The evidentiary hearing ended a few hours later. My cross-exam of this witness was far from the only reason — Mr. White and his colleague did a terrific job on other important topics too — but suffice it to say that Doe Corp. and Acme won the hearing: The court denied Doe Inc.'s request to convert the TRO into a temporary injunction that would have remained in effect for several months until a full trial. Doe Corp. was free to go on selling its widgets throughout the Americas, and Acme was free to continue to buy and re-sell them.

And within a matter of a few weeks after the hearing, the whole case settled with a whimper, not a bang.

******

That's a very long war story to lead up to my technical bleg, but it gives some context for how the subject of my bleg can become important to lawyers.

Since I had established that this witness and his employer had submitted an at-least-badly-mistaken and possibly deceptive sworn affidavit to get the TRO, Mr. White and I were very keen to dig further into the subject of that affidavit as part of our preparations for a full trial on the merits, and the judge had indicated that we'd get a chance to test just how innocent the "mistake" about the dates actually was. We wanted to know who had prepared the affidavit, who had revised it, how many drafts it went through, what changes were made during the drafting stages — and as to each of these issues, when. As the first step, Mr. White had sent a document production request that sought "the production (in electronic form) of the affidavit of John Smith .... Pursuant to Tex. R. Civ. P. 196.4, Doe Corp. requests that the document be produced in electronic form, in native format with all associated metadata." But the case settled before we got Doe Inc.'s response (which would inevitably have been the next step in a complicated battle over attorney-client privilege).

I recently took a very good online continuing legal education course about meta-data and embedded data, prepared by Mercer University School of Law Professor David Hricik. (The pseudonymous Mr. White has also taught CLE courses on this subject, and already knows much more about it than I do.) As with the meta-data embedded within .pdf files that was discussed at the beginning of this post, Prof. Hricik's course taught me how to find some of the cool info that can be embedded within, and hence extracted from, Microsoft Word .doc files. The type and extent of the available data changes depending on what settings one's Word program has as its defaults, and/or how the settings have been re-configured for any given document. But in my own experimentation, I've found that a great deal of that embedded data seems to be altered by any re-saving of the .doc file once it's been opened to look for that data. Plus, other types of embedded data, including when the file was created, appear to be re-set any time the file is even copied (for example, even onto a CD).

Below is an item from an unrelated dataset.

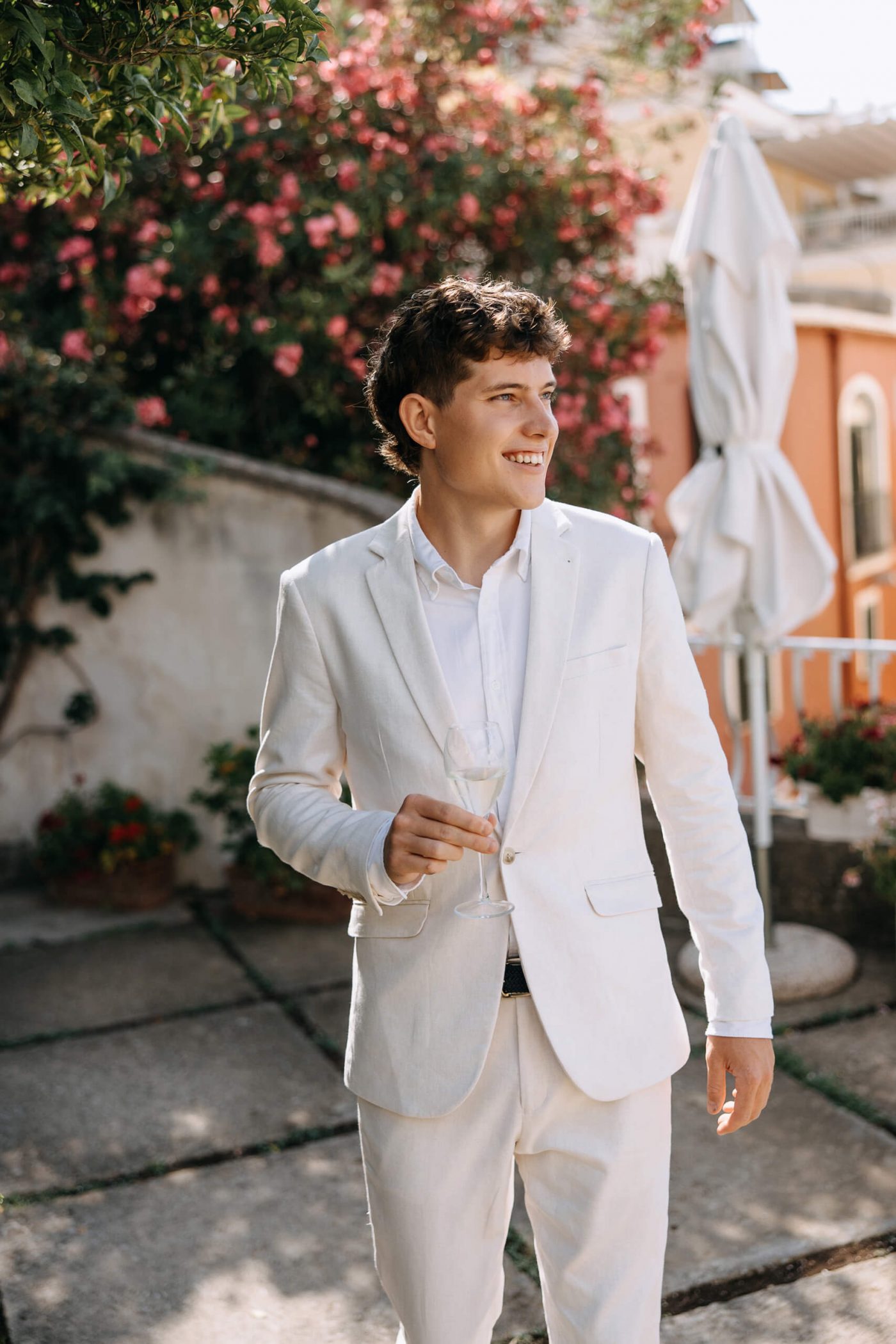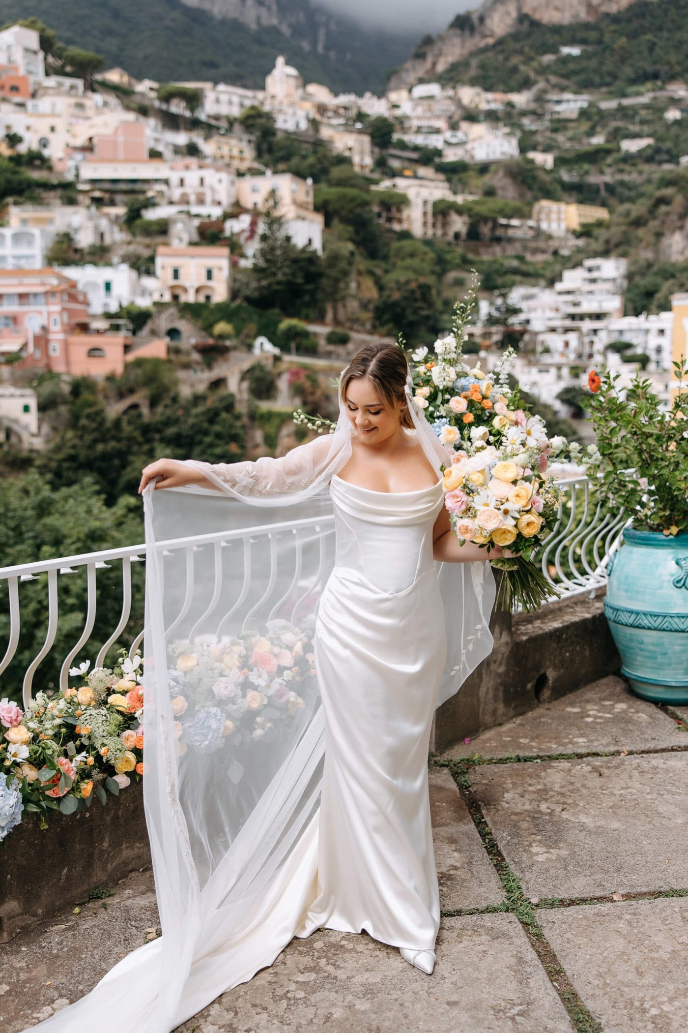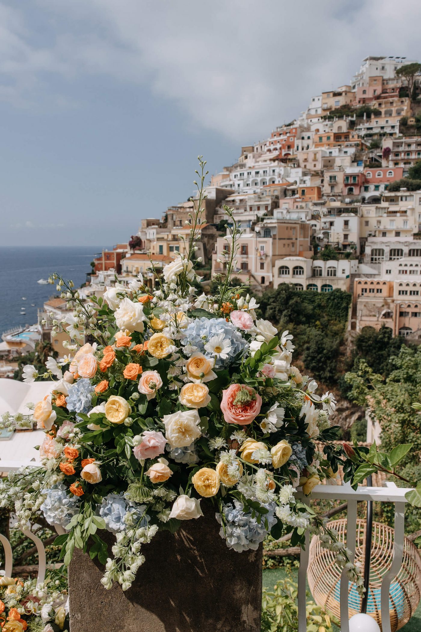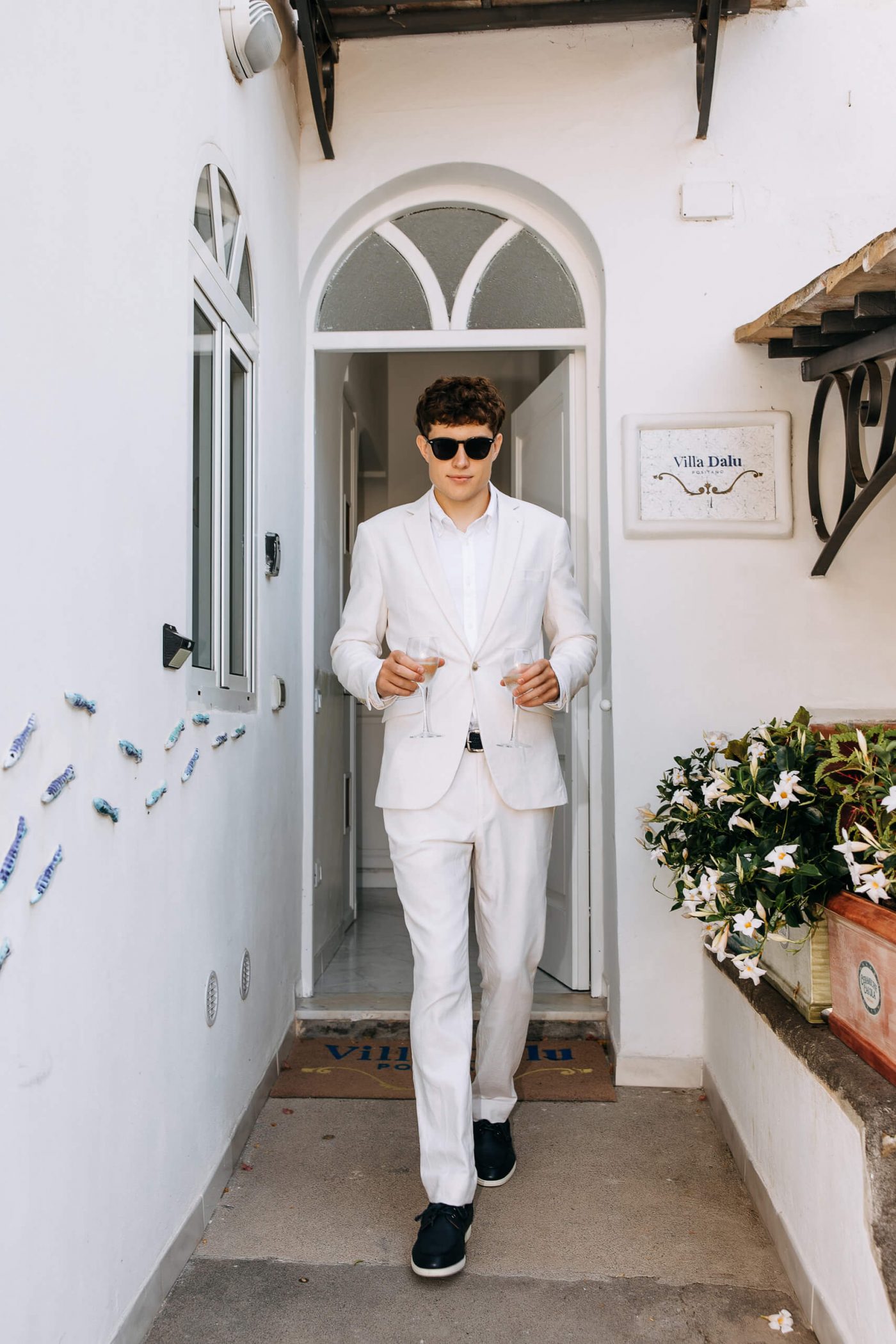 After the emotional ceremony, the couple set sail on a scenic boat trip along the Amalfi Coast, enjoying the fresh sea breeze and capturing unforgettable moments on the Mediterranean. The combination of stunning landscapes, elegant floral decor, and a relaxed yet sophisticated atmosphere made their wedding a true Italian dream.

Hence, finally, my technical bleg: I can send rude instructions — a detailed warning that opening and then re-saving the Microsoft Word .doc file, for example — will be argued by me to be an intentional spoliation of evidence by my opponent, potentially subject to severe punishment by the court. But short of going over to Mr. Black's office and demanding to be allowed to log onto one of his networked workstations, given a password, and shown how to access the .doc file myself from where it's stored on his firm's servers — presumably with a videographer looking over my shoulder to document what I'm finding! — is there any good and fairly easy way to ensure that a digital file that's supposedly in "native format with all associated metadata" (but that almost necessarily will have been copied from an "original" file) won't have suffered some of these alterations?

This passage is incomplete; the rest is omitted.